По счастью у России многое от Востока. Но, в то же время, мы и не Восток. Россия – самостоятельная часть света. На всем ее обширном пространстве в бочках не только квасят капусту и солят огурцы, но и сидят диогены. И уж будьте уверены – ни в одной из них вы не найдете западника. Может потому, что мы едим соленые огурцы, а не маринованные?
Привела меня хворь к китайскому врачу. Это была маленькая пожилая китаянка с добрыми карими глазами на широком и смуглом лице. Она уже несколько лет врачует в России, но вовсе не понимает и уж тем более не говорит по-русски. Поэтому мы общались через переводчика, интеллигентного узбека по имени Максуд. Максуд окончил один из московских институтов и, вероятно, сам увлекался тибетской медициной. Когда я рассказывал ему о своих ощущениях, связанных с заболеванием, у меня сложилось такое мнение, что он переводит китаянке лишь небольшую часть.

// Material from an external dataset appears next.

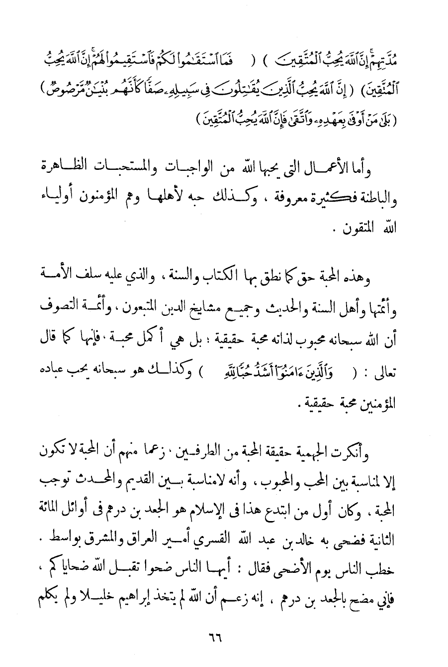 مُدَّتِهِمْ إنَّ اللَّهَ يُحِبُّ الْمُتَّقِينَ} {فَمَا اسْتَقَامُوا لَكُمْ فَاسْتَقِيمُوا لَهُمْ إنَّ اللَّهَ يُحِبُّ الْمُتَّقِينَ} {إنَّ اللَّهَ يُحِبُّ الَّذِينَ يُقَاتِلُونَ فِي سَبِيلِهِ صَفًّا كَأَنَّهُمْ بُنْيَانٌ مَرْصُوصٌ} {بَلَى مَنْ أَوْفَى بِعَهْدِهِ وَاتَّقَى فَإِنَّ اللَّهَ يُحِبُّ الْمُتَّقِينَ} وَأَمَّا الْأَعْمَالُ الَّتِي يُحِبُّهَا اللَّهُ مِنْ الْوَاجِبَاتِ وَالْمُسْتَحَبَّات الظَّاهِرَةِ وَالْبَاطِنَةِ فَكَثِيرَةٌ مَعْرُوفَةٌ وَكَذَلِكَ حُبُّهُ لِأَهْلِهَا وَهُمْ الْمُؤْمِنُونَ أَوْلِيَاءُ اللَّهِ الْمُتَّقُونَ. وَهَذِهِ الْمَحَبَّةُ حَقٌّ كَمَا نَطَقَ بِهَا الْكِتَابُ وَالسُّنَّةُ وَاَلَّذِي عَلَيْهِ سَلَفُ الْأُمَّةِ وَأَئِمَّتُهَا وَأَهْلُ السُّنَّةِ وَالْحَدِيثِ وَجَمِيعُ مَشَايِخِ الدِّينِ الْمُتَّبَعُونَ وَأَئِمَّةُ التَّصَوُّفِ أَنَّ اللَّهَ سُبْحَانَهُ مَحْبُوبٌ لِذَاتِهِ مَحَبَّةً حَقِيقِيَّةً؛ بَلْ هِيَ أَكْمَلُ مَحَبَّةٍ فَإِنَّهَا كَمَا قَالَ تَعَالَى: {وَالَّذِينَ آمَنُوا أَشَدُّ حُبًّا لِلَّهِ} وَكَذَلِكَ هُوَ سُبْحَانَهُ يُحِبُّ عِبَادَهُ الْمُؤْمِنِينَ مَحَبَّةً حَقِيقِيَّةً. وَأَنْكَرَتْ الْجَهْمِيَّة حَقِيقَةَ الْمَحَبَّةِ مِنْ الطَّرَفَيْنِ زَعْمًا مِنْهُمْ أَنَّ الْمَحَبَّةَ لَا تَكُونُ إلَّا لِمُنَاسَبَةِ بَيْنَ الْمُحِبِّ وَالْمَحْبُوبِ وَأَنَّهُ لَا مُنَاسَبَةَ بَيْنَ الْقَدِيمِ وَالْمُحْدَثِ تُوجِبُ الْمَحَبَّةَ وَكَانَ أَوَّلُ مَنْ ابْتَدَعَ هَذَا فِي الْإِسْلَامِ هُوَ الْجَعْدُ بْنُ دِرْهَمٍ فِي أَوَائِلِ الْمِائَةِ الثَّانِيَةِ فَضَحَّى بِهِ خَالِدُ بْنُ عَبْدِ اللَّهِ الْقَسْرِيُّ أَمِيرُ الْعِرَاقِ وَالْمَشْرِقِ بواسط. خَطَبَ النَّاسَ يَوْمَ الْأَضْحَى فَقَالَ: أَيُّهَا النَّاسُ ضَحُّوا تَقَبَّلْ اللَّهُ ضَحَايَاكُمْ فَإِنِّي مُضَحٍّ بِالْجَعْدِ بْنِ دِرْهَمٍ إنَّهُ زَعَمَ أَنَّ اللَّهَ لَمْ يَتَّخِذْ إبْرَاهِيمَ خَلِيلًا وَلَمْ يُكَلِّمْ

Постепенно наша беседа приняла философский характер, и Максуд, как бы забыв о Лау Ши, так звали китаянку, принялся рассказывать о буддизме и о том, как тесно переплетаются в восточной медицине духовный мир с телесным.
Мне ничего не оставалось, как признать, что русская духовная мысль существует совершенно отдельно от тела. И наша медицина не претендует на душу. Я подумал: может быть, это различие и позволяет нашим диогенам, неотягощенным заботами о теле, свободно парить в духовном космосе и философствовать, не испытывая гравитации.
Видно, этой ночью не отдохнет моя душа от тела, но редкую возможность поразмышлять, попотеть мозгами, я не променял бы на самый фантастический сон. Сны видят все, а некоторые пытаются постичь их тайный смысл, проецируя на реальную жизнь.
Наверное, я неисправимый реалист, коли даже ночью предпочитаю праздному полету фантазии работу сознания. «Бог – реалист, а Люцифер – романтик», – нахожу я поддержку своего выбора в мудром определении игумена Иннокентия.
Сегодня время романтиков, время ничем не ограниченной свободы.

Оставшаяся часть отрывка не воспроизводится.